What you should do »
Under this line are records; the part from the line containing "W związku z" through the line containing "Ac Dc Back In" should be repeated exactly. Please exclude pictures.

Given data »
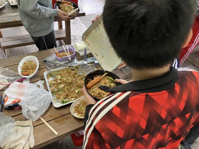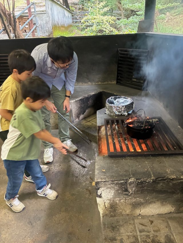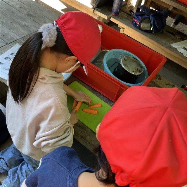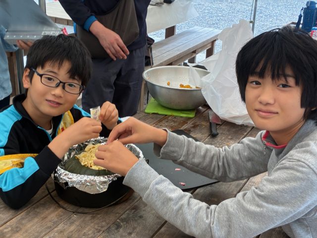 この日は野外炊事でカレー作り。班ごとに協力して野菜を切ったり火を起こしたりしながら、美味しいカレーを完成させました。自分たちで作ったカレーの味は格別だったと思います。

* * *

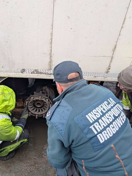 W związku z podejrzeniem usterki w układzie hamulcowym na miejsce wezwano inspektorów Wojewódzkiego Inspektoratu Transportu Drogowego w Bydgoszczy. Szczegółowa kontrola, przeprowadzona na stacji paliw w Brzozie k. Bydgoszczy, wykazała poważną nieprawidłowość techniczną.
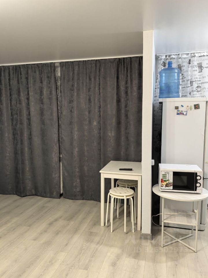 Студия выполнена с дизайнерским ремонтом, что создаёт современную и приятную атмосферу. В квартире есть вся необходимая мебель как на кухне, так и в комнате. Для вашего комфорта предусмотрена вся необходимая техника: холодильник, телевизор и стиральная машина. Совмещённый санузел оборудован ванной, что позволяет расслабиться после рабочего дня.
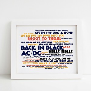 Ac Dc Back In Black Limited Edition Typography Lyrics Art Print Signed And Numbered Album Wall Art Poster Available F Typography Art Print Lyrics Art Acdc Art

Answer to the exercise »
 W związku z podejrzeniem usterki w układzie hamulcowym na miejsce wezwano inspektorów Wojewódzkiego Inspektoratu Transportu Drogowego w Bydgoszczy. Szczegółowa kontrola, przeprowadzona na stacji paliw w Brzozie k. Bydgoszczy, wykazała poważną nieprawidłowość techniczną.
 Студия выполнена с дизайнерским ремонтом, что создаёт современную и приятную атмосферу. В квартире есть вся необходимая мебель как на кухне, так и в комнате. Для вашего комфорта предусмотрена вся необходимая техника: холодильник, телевизор и стиральная машина. Совмещённый санузел оборудован ванной, что позволяет расслабиться после рабочего дня.
 Ac Dc Back In Black Limited Edition Typography Lyrics Art Print Signed And Numbered Album Wall Art Poster Available F Typography Art Print Lyrics Art Acdc Art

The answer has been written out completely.